Friday, March 02, 2012

Criminal contempt sentence vacated

Roger Batt won in In re J.T.R., No. 105,505 (Kan. App. Feb. 24, 2012), vacating a jail term imposed as a sanction against a mother who violated a no-contact order in a Sedgwick County child-in-need-of-care action.  The case presents a nice primer on the difference between criminal and civil contempt and the rights that attach to each:
Our statute, K.S.A. 20-1202, sets out two major classes of contempt, direct or indirect contempt. Direct contempt is committed during the sitting of the court or before a judge at chambers. All other contempts are indirect. K.S.A. 20-1202(2). Clearly, in this case, we deal with indirect contempt, as V.R.'s conduct did not occur in the presence of the judge.

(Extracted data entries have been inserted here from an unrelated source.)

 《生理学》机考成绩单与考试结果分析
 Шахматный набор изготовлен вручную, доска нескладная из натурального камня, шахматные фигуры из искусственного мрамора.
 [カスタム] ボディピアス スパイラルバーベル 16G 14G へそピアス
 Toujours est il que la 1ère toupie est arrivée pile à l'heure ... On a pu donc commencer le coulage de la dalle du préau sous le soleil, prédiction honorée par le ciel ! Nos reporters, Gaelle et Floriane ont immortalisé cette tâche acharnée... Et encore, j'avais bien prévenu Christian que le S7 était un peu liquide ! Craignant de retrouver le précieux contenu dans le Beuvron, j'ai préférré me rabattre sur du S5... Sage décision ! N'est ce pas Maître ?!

Next, it is important to note two additional categories of contempt. They are denominated as civil and criminal contempt. They are distinguished by the intent of the penalty imposed and not necessarily the nature of the underlying legal or equitable action that the court is dealing with. In other words, a civil contempt proceeding may arise in a criminal case and a criminal contempt proceeding may arise in a civil case. Two questions are useful in making the distinction. Is the court seeking the enforcement of its orders? Is the court seeking to punish someone for disrespect or disobedience? If the former is true, then the answer is usually civil contempt; if it is the latter, then the contempt action is criminal.

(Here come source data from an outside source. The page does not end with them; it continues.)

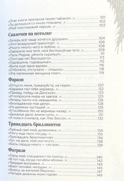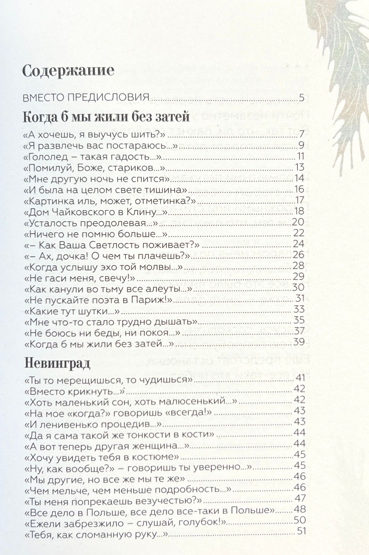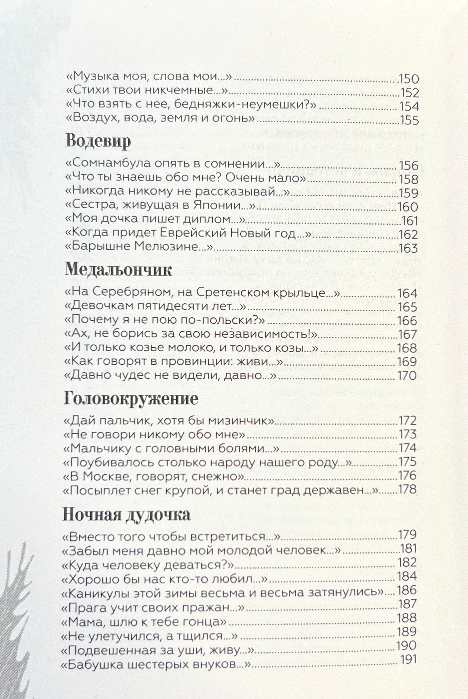 Читая музыкальную поэзию Вероники Долиной, попадаешь в другое измерение, параллельную реальность, где музыка звучит очень отчетливо, совершая свою тончайшую работу — нежную и созидательную. Уже много лет ее творчество знает и любит не одно поколение. Эти стихи поют и слушают на разных континентах верные поклонники, истинные ценители поэзии. Новая книга — долгожданное избранное Вероники Долиной.
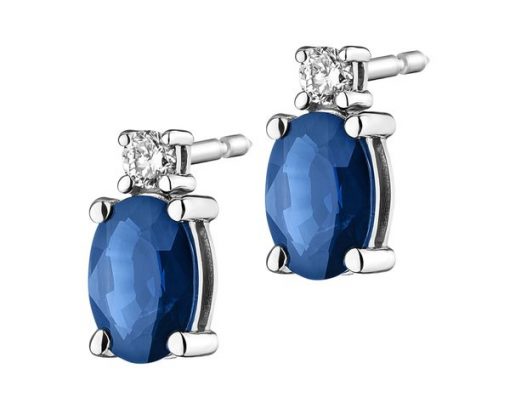 Kolczyki z białego złota z brylantami i szafirami – próba 750 – 103.849. Białe złoto rodowane
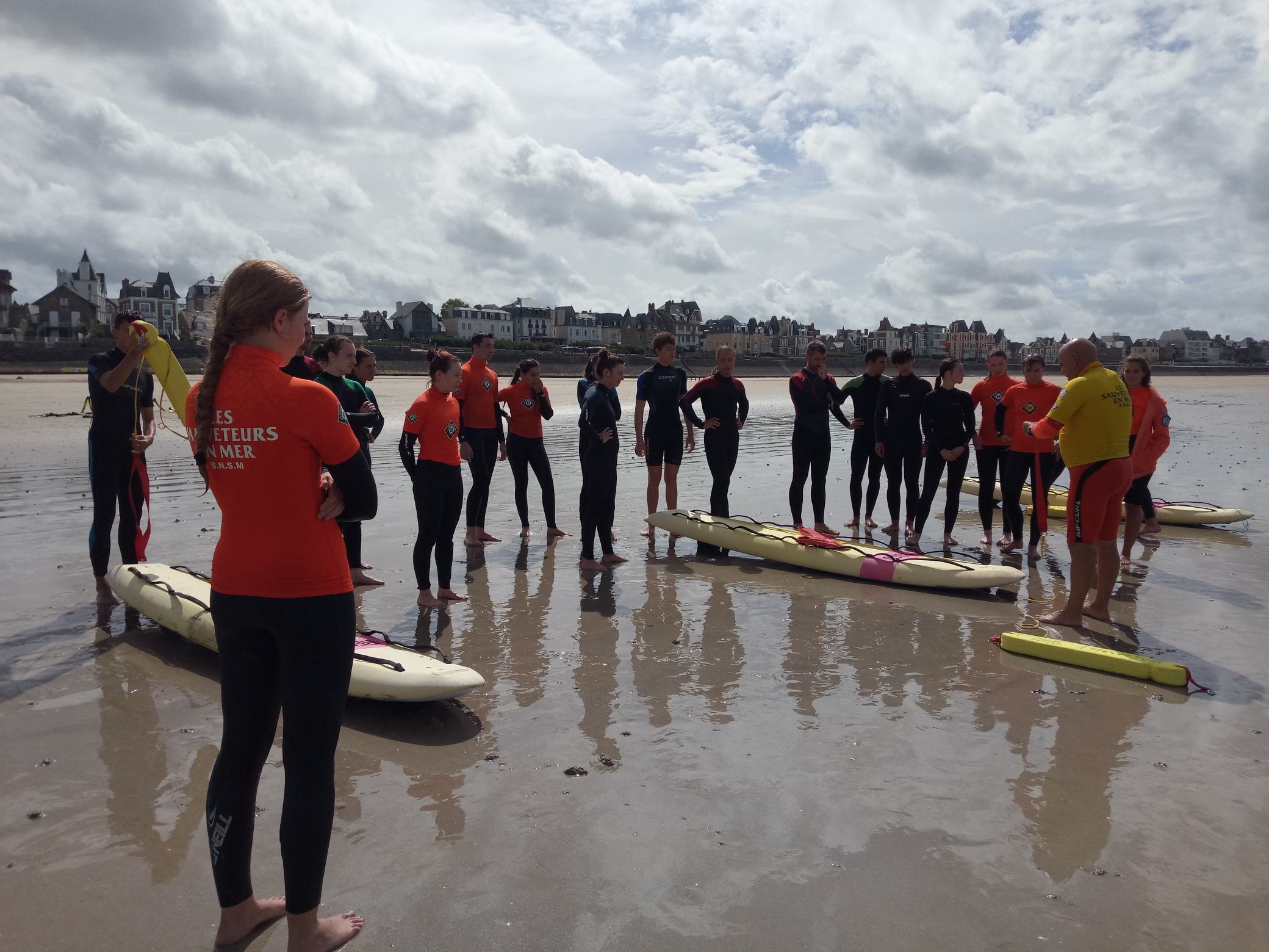 Visite du centre de secours et de la vedette de la SNSM, activités physiques sur la plage de St Malo en lien avec le secourisme, entraînement avec du matériel de secourisme…

The COA held that the contempt proceeding in this case started as a civil contempt proceeding, the but sanction imposed--a five day jail sentence--was not proper for such a contempt finding:
A punitive jail sentence as punishment for violation of the district court's order is available only for criminal contempt, not for indirect civil contempt. The 5-day jail sentence imposed here did not permit V.R. to purge her contempt. Nor did it, in any fashion, allow her to lessen her sentence through her conduct and unlock the door of the county jail.

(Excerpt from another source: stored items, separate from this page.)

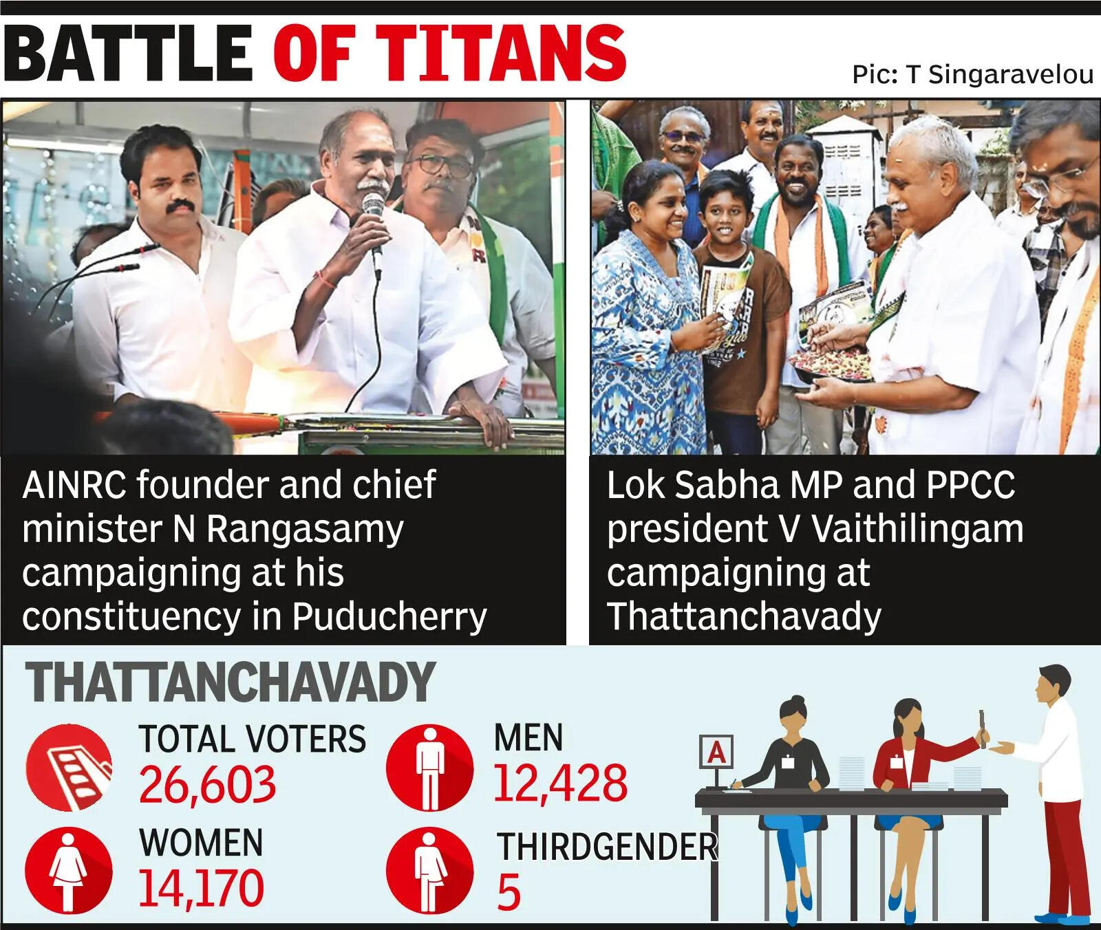 DMK, a crucial partner, has remained largely passive, forcing Vaithilingam to rely almost entirely on his personal influence and Congress machinery.Rangasamy wants to capitalize on the visible cracks within INDIA bloc. He is portraying the opposition as a "confused house" incapable of providing stable governance.Meanwhile, Vaithilingam focuses on the alleged failures of govt. "The recent fake drug manufacturing scandal, the lack of development in Thattanchavady's industrial estate, and Union govt's delay in granting statehood show the inefficiency of the govt,'' says a Congress leader.Political analyst Vai Bala, alias V Balasubramanian, said AINRC could have contested independently, without aligning with BJP, to gain greater mileage. "This time it will be tough for Rangasamy. He is facing a Congress heavyweight in his own bastion. Rangasamy could not fulfil the demands of people seeking employment for the past 10 years and there is an anti-incumbency wave," he said.
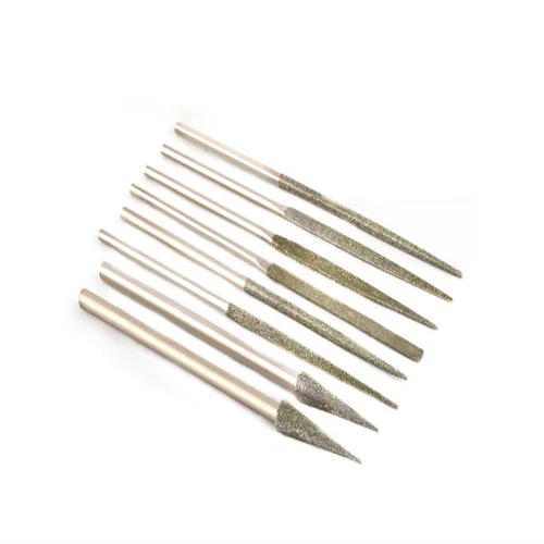 Combination set of diamond files and angle pins for versatile material shaping and deburring. Durable construction for extended use in various applications.
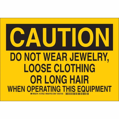 Brady 127625 "Caution Do Not Wear Jewelry, Loose Clothing or Long Hair" Sign, 10" x 14"
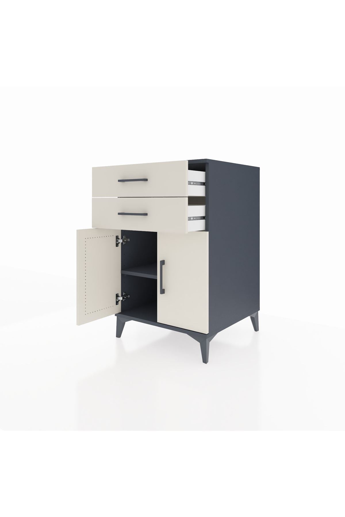 Kronos Komodin Tek Raflı 2 Çekmeceli 2 Kapaklı 60x59x96 Antrasit-Aytaşı

The state apparently tried to argue on appeal that the contempt was criminal and therefore the jail sentence appropriate. The COA held that, if it was criminal, mother's Due Process rights were violated:
We acknowledge that a district court has the authority to find someone in indirect contempt of court and assess a criminal penalty. This is called indirect criminal contempt. But procedural safeguards must be observed. Even if we were to hold there was sufficient notice to V.R., the trial of V.R. was defective because the court forced V.R. to testify against herself.
Finally, the COA outlined the rights attaching to a criminal contempt proceeding:
Sentences for civil contempt must give contemnors a way through their conduct by which they can secure their release from jail. On the other hand, if the court simply wants to punish a contemnor, then the due process rights that attend any criminal charge should apply. These rights include: 
  • notice of charge and possible penalty; 
  • court-appointed counsel if indigent; 
  • right to trial; 
  • privilege against self-incrimination; 
  • right to confront witnesses and to compel testimony.
Because the COA concluded the proceeding was for indirect civil contempt, it vacated the jail sentence.
[Update: the state did not file a PR and the mandate issued on March 29, 2012.]